Yucen Lily Li,Tim G. J. Rudner,Andrew Gordon Wilson
Abstract:Bayesian optimization is a highly efficient approach to optimizing objective functions which are expensive to query. These objectives are typically represented by Gaussian process (GP) surrogate models which are easy to optimize and support exact inference. While standard GP surrogates have been well-established in Bayesian optimization, Bayesian neural networks (BNNs) have recently become practical function approximators, with many benefits over standard GPs such as the ability to naturally handle non-stationarity and learn representations for high-dimensional data. In this paper, we study BNNs as alternatives to standard GP surrogates for optimization. We consider a variety of approximate inference procedures for finite-width BNNs, including high-quality Hamiltonian Monte Carlo, low-cost stochastic MCMC, and heuristics such as deep ensembles. We also consider infinite-width BNNs, linearized Laplace approximations, and partially stochastic models such as deep kernel learning. We evaluate this collection of surrogate models on diverse problems with varying dimensionality, number of objectives, non-stationarity, and discrete and continuous inputs.
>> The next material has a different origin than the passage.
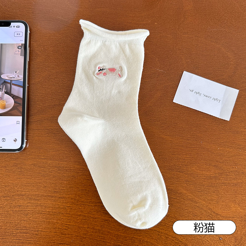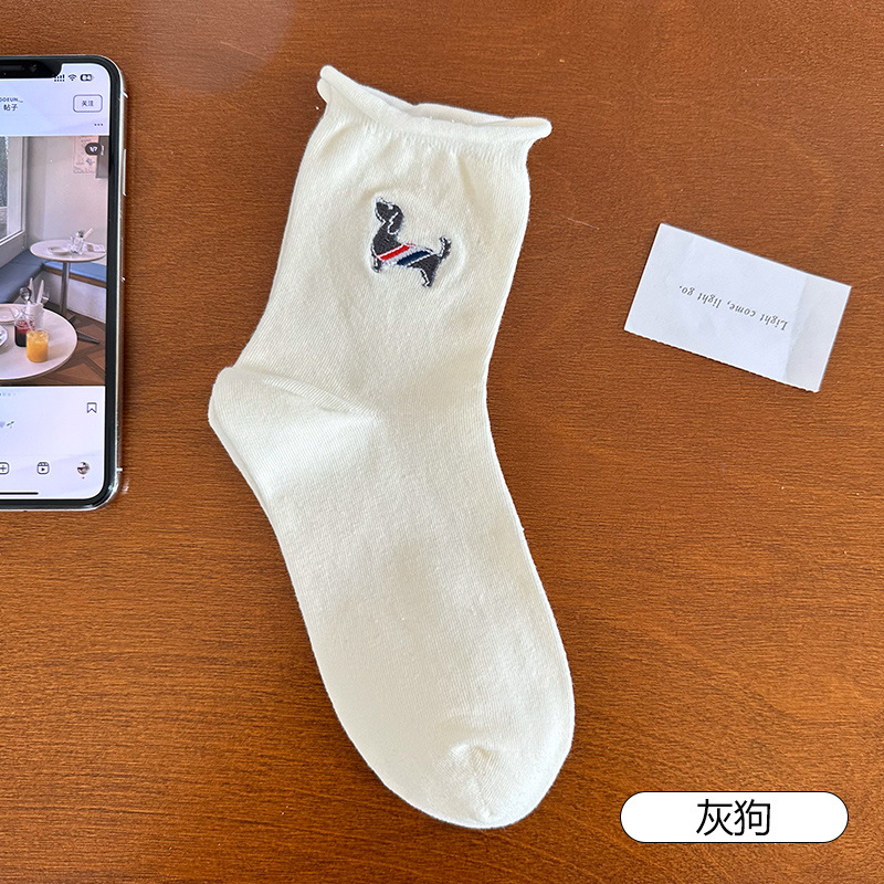 흰색 포장 양말 어린이 코튼 땀 흡수 통기성 탄성 컬 미드 양말 귀여운 재미있는 만화 패턴 캐주얼 양말스토어 가기

We find: (i) the ranking of methods is highly problem dependent, suggesting the need for tailored inductive biases; (ii) HMC is the most successful approximate inference procedure for fully stochastic BNNs; (iii) full stochasticity may be unnecessary as deep kernel learning is relatively competitive; (iv) deep ensembles perform relatively poorly; (v) infinite-width BNNs are particularly promising, especially in high dimensions.
What problem does this paper attempt to address?
### What problem does this paper attempt to solve?
This paper mainly explores the selection of surrogate models in Bayesian Optimization (BO). Specifically, the authors study the application of Bayesian Neural Networks (BNNs) as surrogate models in Bayesian Optimization and compare them with traditional Gaussian Processes (GPs).
#### Main problems:
1. **Surrogate model selection**: Although Gaussian Processes (GPs) are the most commonly used surrogate models in Bayesian Optimization, they have some limitations, such as being unable to handle non - stationarity and high - dimensional data naturally. Therefore, the authors propose whether other surrogate models, especially Bayesian Neural Networks (BNNs), should be considered to improve the performance of Bayesian Optimization.
2. **Applicability of BNNs**: In recent years, significant progress has been made in the research of Bayesian Neural Networks, which makes BNNs a potential surrogate model. However, current research on the performance of BNNs in Bayesian Optimization and their advantages and disadvantages relative to GPs is very limited. Therefore, the authors hope to understand the performance of BNNs under different conditions through systematic experimental evaluation.
3. **Impact of approximate inference methods**: The training of Bayesian Neural Networks usually requires the use of approximate inference methods, such as Hamiltonian Monte Carlo (HMC), Stochastic Gradient Hamiltonian Monte Carlo (SGHMC), and Deep Ensembles. How different approximate inference methods affect the performance of Bayesian Optimization is also an important research direction in this paper.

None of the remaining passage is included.